Azure Stack HCI-besturingssysteem, versie 22H2 upgraden naar versie 23H2 via andere methoden
Van toepassing op: Azure Local 2311.2 en hoger
Belangrijk
Azure Stack HCI, versie 22H2, eindigt op 31 mei 2025. Na deze datum ontvangt u geen maandelijkse beveiligings- en kwaliteitsupdates. Ondersteuningsaanvragen (SR) zijn alleen beschikbaar bij het uitvoeren van een upgrade van een besturingssysteem. Als u updates wilt blijven ontvangen, raden we u aan uw besturingssysteem te upgraden naar versie 23H2.
Als u momenteel een Azure Stack HCI- versie 22H2 stretch-cluster uitvoert of Azure Local beheert via System Center - Virtual Machine Manager, raadpleegt u de Ondersteunde workloads en configuraties tabel voor tijdlijnen voor updates.
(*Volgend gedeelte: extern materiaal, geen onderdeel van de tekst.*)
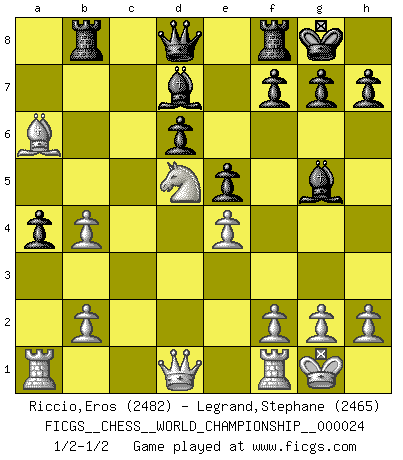Last move : 1/2-1/2 2024 July 16 2:37:11 [Event "FICGS__CHESS__WORLD_CHAMPIONSHIP__000024"] [Site "FICGS"] [Date "2024.04.28"] [Round "7"] [White "Riccio,Eros"] [Black "Legrand,Stephane"] [Result "1/2-1/2"] [WhiteElo "2482"] [BlackElo "2465"] 1.e4 c5 2.Nf3 Nc6 3.d4 cxd4 4.Nxd4 Nf6 5.Nc3 e5 6.Ndb5 d6 7.Bg5 a6 8.Na3 b5 9.Nd5 Be7 10.Bxf6 Bxf6 11.c3 Rb8 12.Nc2 Bg5 13.a4 bxa4 14.Ncb4 Bd7 15.Bxa6 Nxb4 16.cxb4 O-O 17.O-O Qe8 18.Nc7 Qd8 19.Nd5 Qe8 20.Nc7 Qd8 21.Nd5 1/2-1/2 Follow this game move after move (download)I guess a certain amount of temperament is expected of Chess geniuses. (Ron Gross) Schach verlangt totale Konzentration. (Robert James Fischer) En el Ajedrez, tal como es jugado por los Maestros, practicamente la suerte es eliminada. (Emanuel Lasker) Le jeu d'échecs fait naître et fortifie en nous plusieurs qualités précieuses dans le cours de l'existence, telles que la prévoyance, la circonspection, la prudence, et la persévérance. (Benjamin Franklin - 1783, la morale des échecs) You have to believe in yourself. (Sun Tzu)
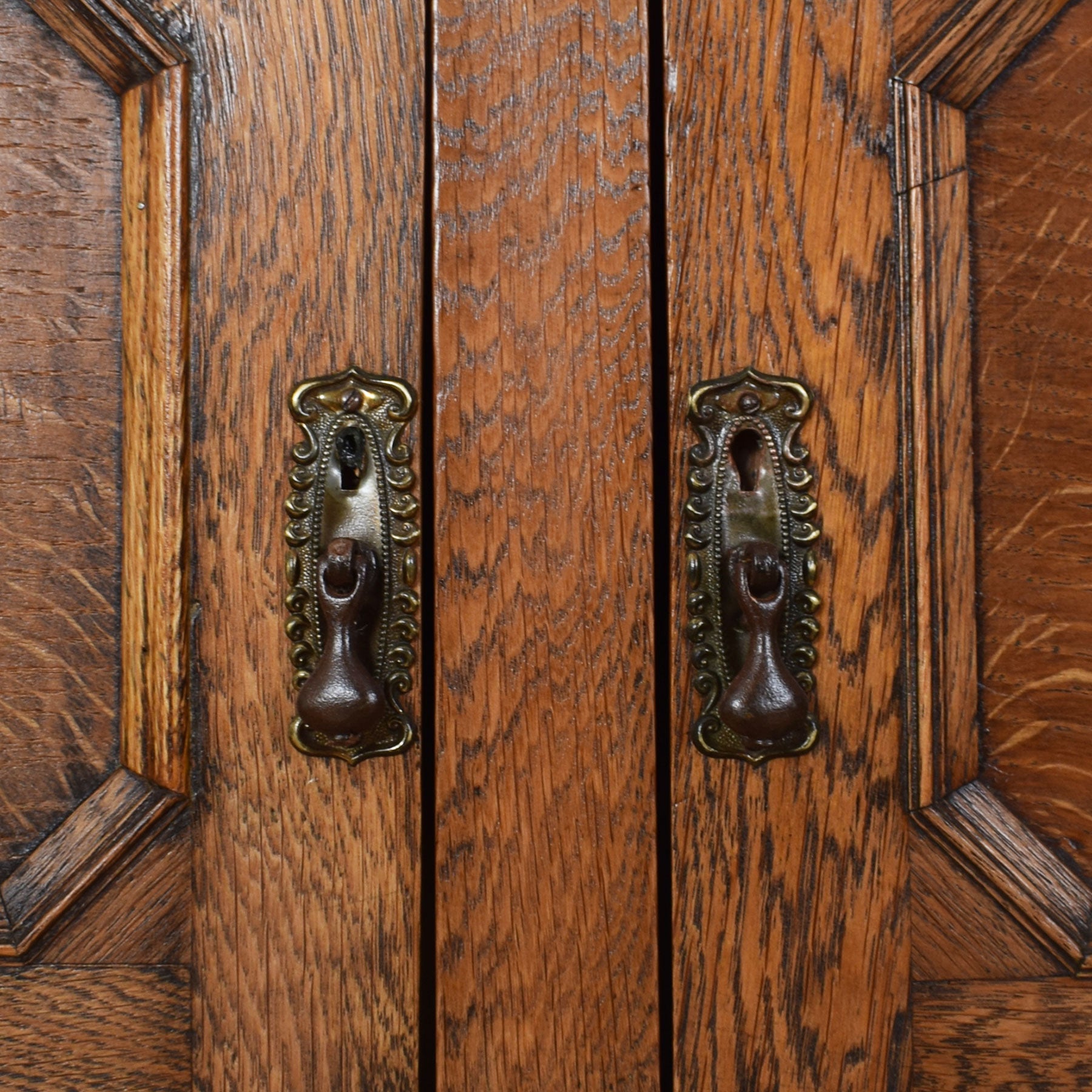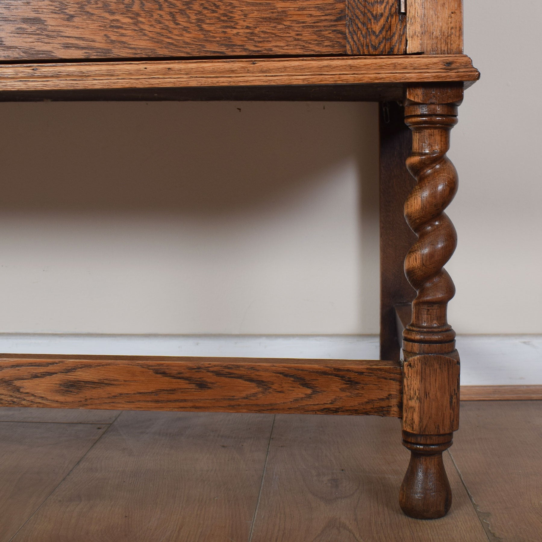 Our restoration workshop has stripped and cleaned this sideboard before applying a professional matt lacquer that enhances the colour and grain detail of the oak, as well as providing a good level of protection in careful everyday use.
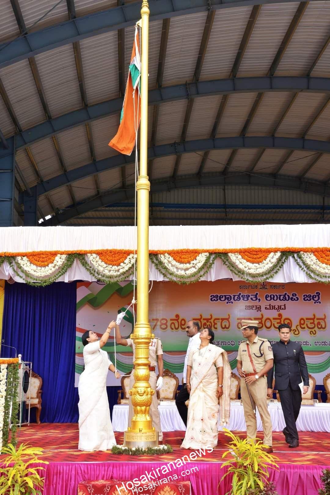 ಉಡುಪಿಯ ಅಜ್ಜರಕಾಡುವಿನಲ್ಲಿರುವ ಮಹಾತ್ಮ ಗಾಂಧಿ ಜಿಲ್ಲಾ ಕ್ರೀಡಾಂಗಣದಲ್ಲಿ ಗುರುವಾರ ನಡೆದ 78ನೇ ಸ್ವಾತಂತ್ರ್ಯ ದಿನಾಚರಣೆಯಲ್ಲಿ ಮಹಿಳಾ ಮತ್ತು ಮಕ್ಕಳ ಅಭಿವೃದ್ಧಿ ಇಲಾಖೆ ಸಚಿವರು ಹಾಗೂ ಉಡುಪಿ ಜಿಲ್ಲಾ ಉಸ್ತುವಾರಿ ಸಚಿವರಾದ ಲಕ್ಷ್ಮೀ ಹೆಬ್ಬಾಳಕರ್ ಧ್ವಜಾರೋಹಣ ನೆರವೇರಿಸಿದರು.
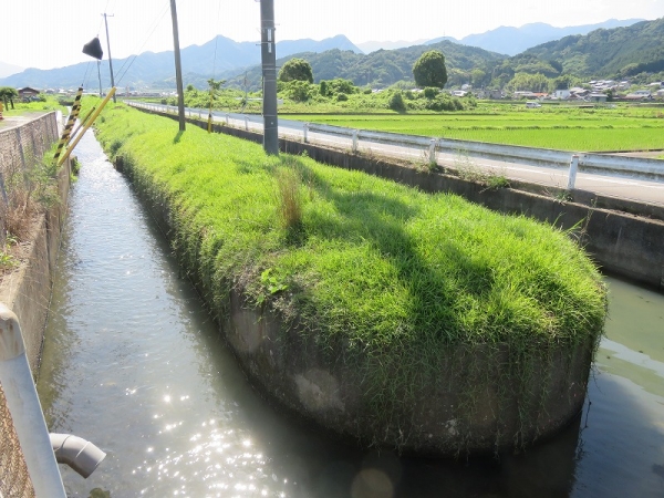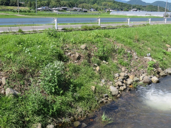 刈った草を無処理区との間に 置かせてもらっていますが その奥の無処理区と 手前の草丈の差は日に日に 大きくなってきています。
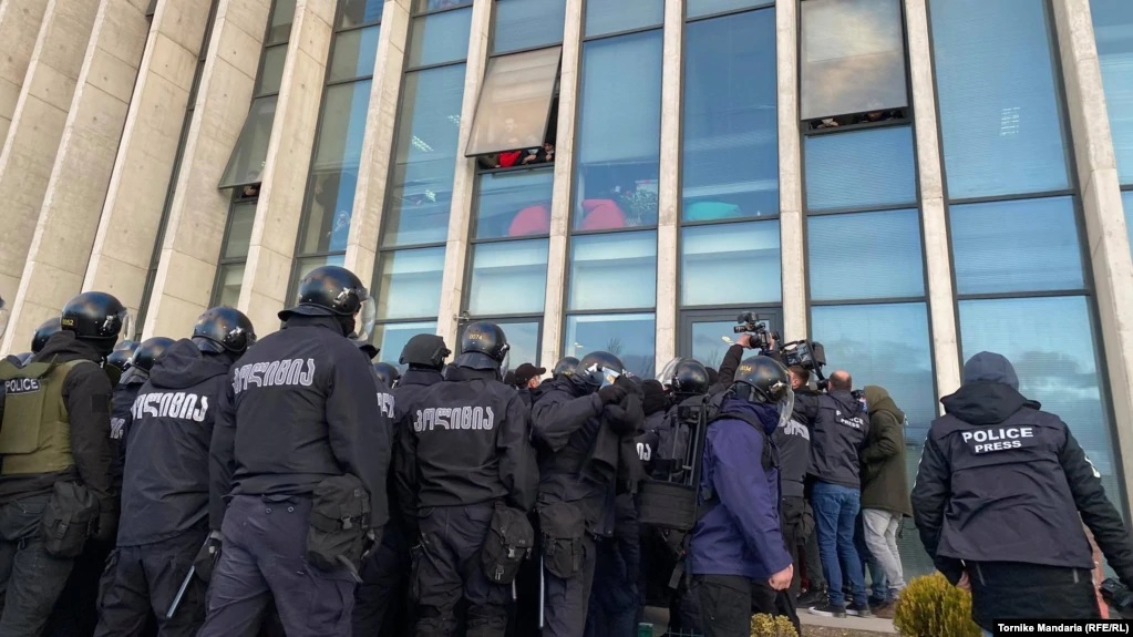 У будівлі знаходилися прихильники опозиційної партії, які не чинили опору, проте спецназ із застосуванням перцевого газу провів їх затримання, затриманих вивели з офісу. Ніка Мелія з декількома журналістами замкнувся в одній з кімнат на третьому поверсі будівлі, проте теж був затриманий.
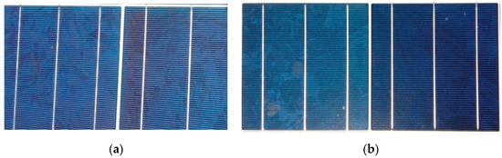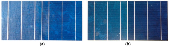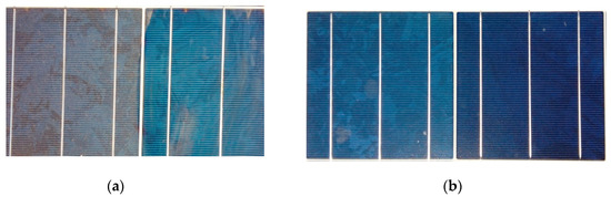 Dust accumulation on PV (photovoltaic) panels’ surface. (a) Clean surface on 18.03.2019. (b) Clean surface on 20.02.2019.
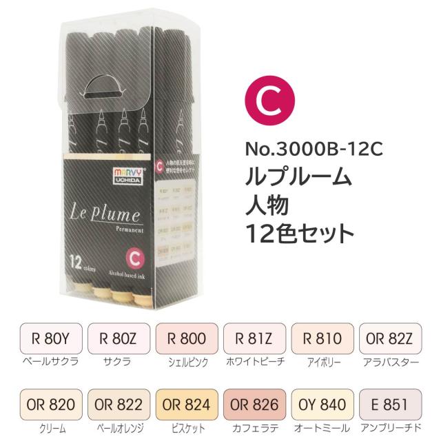 ●Cセット(黒軸):人物12色セット(No.3000B-12C)

In dit artikel wordt beschreven hoe u het besturingssysteem (OS) kunt upgraden van versie 22H2 naar versie 23H2 op azure Local met behulp van handmatige methoden zoals een SConfig en het uitvoeren van een offline upgrade.
Hoewel u deze andere methoden kunt gebruiken, is PowerShell de aanbevolen methode om het besturingssysteem te upgraden. Zie Upgrade van het Azure Stack HCI-besturingssysteem versie 22H2 naar versie 23H2 via PowerShell voor meer informatie.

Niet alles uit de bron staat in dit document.